We have also assumed that (i) the Registration Statement and any amendments thereto (including any post-effective amendments) will have become effective and comply with all applicable laws and no stop orders suspending the Registration Statement’s effectiveness will have been issued and remain in effect, in each case, at the time the Shares are offered or issued as contemplated by the Registration Statement, (ii) with respect to the offering and sale of Secondary Shares, a prospectus supplement will have been prepared and filed with the Commission identifying the selling stockholders of the Shares and will at all relevant times comply with all applicable laws, (iii) with respect to the issuance, offering and sale of Shares by the Company, the issuance (including the execution, delivery and performance thereof) and the terms of the Shares and the terms of any offering and sale of the Shares have been duly authorized by the Company, (iv) the Company has timely filed all necessary reports pursuant to the Securities Exchange Act of 1934, as amended, which are incorporated into the Registration Statement by reference, (v) all Shares will be issued, offered and sold and all Secondary Shares will be offered and sold in compliance with applicable federal and state securities laws and in the manner stated in the Registration Statement and the appropriate prospectus supplement, (vi) a definitive purchase, underwriting or similar agreement and any other necessary agreement, instrument or document with respect to any Shares or Secondary Shares, as applicable, will have been duly authorized and validly executed and delivered by the Company and the other party or parties thereto, including in the case of Secondary Shares, the selling stockholders, (vii) in the case of the issuance, offering and sale of Shares by the Company, the Company has received the consideration therefore specified in any applicable definitive underwriting or similar agreement and that the consideration for such Shares is at least equal to the par value of such Shares, and (viii) any Shares or Secondary Shares issuable upon conversion, exercise or exchange of any Shares or Secondary Shares, as applicable, being offered or issued will be duly authorized and, if appropriate, reserved for issuance upon such conversion, exercise or exchange.
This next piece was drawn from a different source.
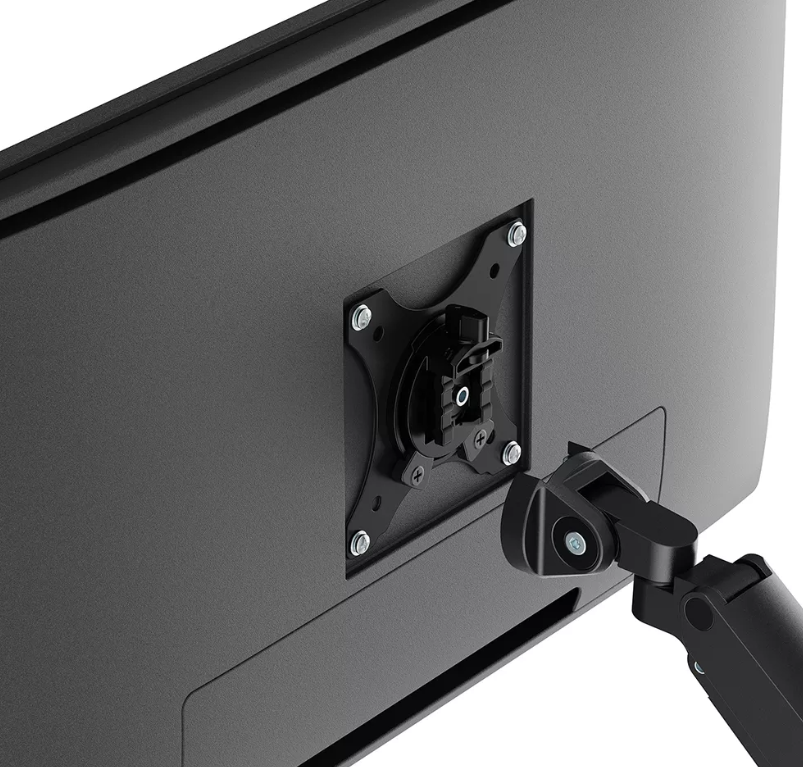 The elegant black VESA plates of the NEXT Slim provide a perfect match with your screen, accommodating standard 75x75 or 100x100 mm VESA patterns. For non-standard hole patterns, Neomounts has various VESA optional adapter plates available. The Quick-release VESA system enables easy setup, while the topfix clamp or grommet ensures a quick and straightforward installation.

Based on the foregoing, and subject to the qualifications stated herein, we are of the opinion that (i) the Secondary Shares that are already outstanding are and (ii) the Shares, when sold as contemplated by the Registration Statement, will be validly issued, fully paid and non-assessable.
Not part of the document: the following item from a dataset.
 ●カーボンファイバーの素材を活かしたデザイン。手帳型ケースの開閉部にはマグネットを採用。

The opinion expressed herein is limited to the corporate laws of the State of Delaware and we express no opinion as to the effect on the matters covered by this letter of the laws of any other jurisdiction.
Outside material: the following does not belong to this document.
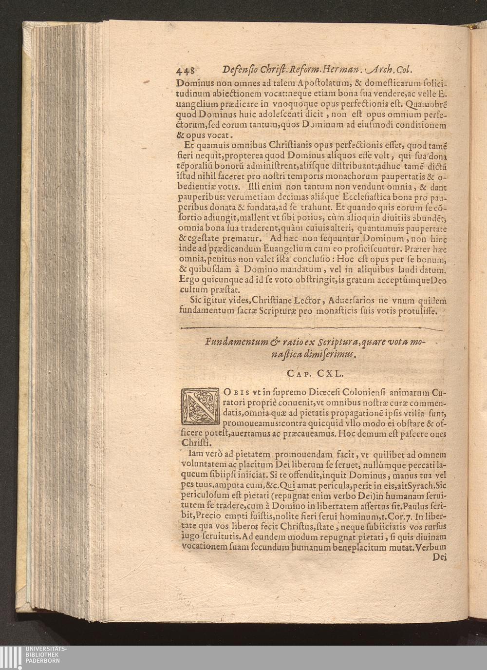 Constans Defensio, Ex S. Scriptvra, Et Vera Catholica Doctrina, Atqve Observatione Vniuersalis Christianæ Ecclesiæ Deliberationis de Christiana Reformatione : Quam Reuerendißimus in Deo Pater, Princeps & Dominus D. Hermannvs Archiepiscopus Coloniensis, & Princeps Elector, &c. iam antè publicauit ... / Auctore D. Martino Bvcero

We hereby consent to the filing of this letter as an exhibit to the Registration Statement and to the reference to our firm under the caption “Legal Matters” in the prospectus which is a part of the
Registration Statement. In giving such consent we do not hereby admit that we are in the category of persons whose consent is required under Section 7 of the Act or the rules and regulations of the Commission.